● **The data**:
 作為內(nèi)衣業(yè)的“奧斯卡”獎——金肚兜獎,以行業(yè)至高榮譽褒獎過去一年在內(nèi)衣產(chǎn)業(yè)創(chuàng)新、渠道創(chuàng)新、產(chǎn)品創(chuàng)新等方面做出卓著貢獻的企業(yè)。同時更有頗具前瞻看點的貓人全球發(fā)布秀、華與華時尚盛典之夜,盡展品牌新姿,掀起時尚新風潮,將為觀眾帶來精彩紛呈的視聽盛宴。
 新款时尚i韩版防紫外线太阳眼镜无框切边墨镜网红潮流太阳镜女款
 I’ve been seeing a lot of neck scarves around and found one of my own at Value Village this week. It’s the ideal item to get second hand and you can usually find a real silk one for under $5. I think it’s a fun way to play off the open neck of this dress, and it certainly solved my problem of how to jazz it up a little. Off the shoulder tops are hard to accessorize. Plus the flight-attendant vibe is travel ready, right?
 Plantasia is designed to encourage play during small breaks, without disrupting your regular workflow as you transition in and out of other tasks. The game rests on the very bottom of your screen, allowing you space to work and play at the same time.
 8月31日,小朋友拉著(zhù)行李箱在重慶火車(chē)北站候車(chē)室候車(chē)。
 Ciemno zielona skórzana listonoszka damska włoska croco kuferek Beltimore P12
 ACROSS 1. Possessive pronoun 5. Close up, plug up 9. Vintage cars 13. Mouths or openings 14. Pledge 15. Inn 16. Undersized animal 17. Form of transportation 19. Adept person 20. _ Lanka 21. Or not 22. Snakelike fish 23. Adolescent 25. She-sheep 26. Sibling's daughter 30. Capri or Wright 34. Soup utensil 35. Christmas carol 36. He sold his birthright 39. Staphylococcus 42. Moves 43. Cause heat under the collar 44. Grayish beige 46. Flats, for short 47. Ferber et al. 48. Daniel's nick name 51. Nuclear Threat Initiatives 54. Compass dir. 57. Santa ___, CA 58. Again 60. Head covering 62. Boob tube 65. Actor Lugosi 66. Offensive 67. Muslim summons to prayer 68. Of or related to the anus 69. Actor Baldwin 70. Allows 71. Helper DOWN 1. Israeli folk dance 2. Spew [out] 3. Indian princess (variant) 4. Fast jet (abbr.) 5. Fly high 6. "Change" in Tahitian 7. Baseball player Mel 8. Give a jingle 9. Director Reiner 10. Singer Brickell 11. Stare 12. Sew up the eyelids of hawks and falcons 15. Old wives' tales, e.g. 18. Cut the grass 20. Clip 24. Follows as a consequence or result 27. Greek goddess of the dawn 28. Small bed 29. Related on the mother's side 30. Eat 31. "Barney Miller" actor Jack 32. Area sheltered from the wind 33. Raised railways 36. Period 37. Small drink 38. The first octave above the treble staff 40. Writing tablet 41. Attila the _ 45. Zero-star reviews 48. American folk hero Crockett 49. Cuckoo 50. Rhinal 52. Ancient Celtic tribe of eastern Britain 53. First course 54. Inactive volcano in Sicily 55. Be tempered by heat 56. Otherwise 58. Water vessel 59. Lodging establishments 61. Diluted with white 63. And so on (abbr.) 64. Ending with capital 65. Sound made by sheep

● **Work task**: From the data above, output only the lines between the line containing "新款时尚i韩版防紫外线太阳眼镜无框切边墨镜网红潮流太阳镜女款" and the line containing "Ciemno zielona skórzana", inclusive, exactly as written.

● **Result**:
 新款时尚i韩版防紫外线太阳眼镜无框切边墨镜网红潮流太阳镜女款
 I’ve been seeing a lot of neck scarves around and found one of my own at Value Village this week. It’s the ideal item to get second hand and you can usually find a real silk one for under $5. I think it’s a fun way to play off the open neck of this dress, and it certainly solved my problem of how to jazz it up a little. Off the shoulder tops are hard to accessorize. Plus the flight-attendant vibe is travel ready, right?
 Plantasia is designed to encourage play during small breaks, without disrupting your regular workflow as you transition in and out of other tasks. The game rests on the very bottom of your screen, allowing you space to work and play at the same time.
 8月31日,小朋友拉著(zhù)行李箱在重慶火車(chē)北站候車(chē)室候車(chē)。
 Ciemno zielona skórzana listonoszka damska włoska croco kuferek Beltimore P12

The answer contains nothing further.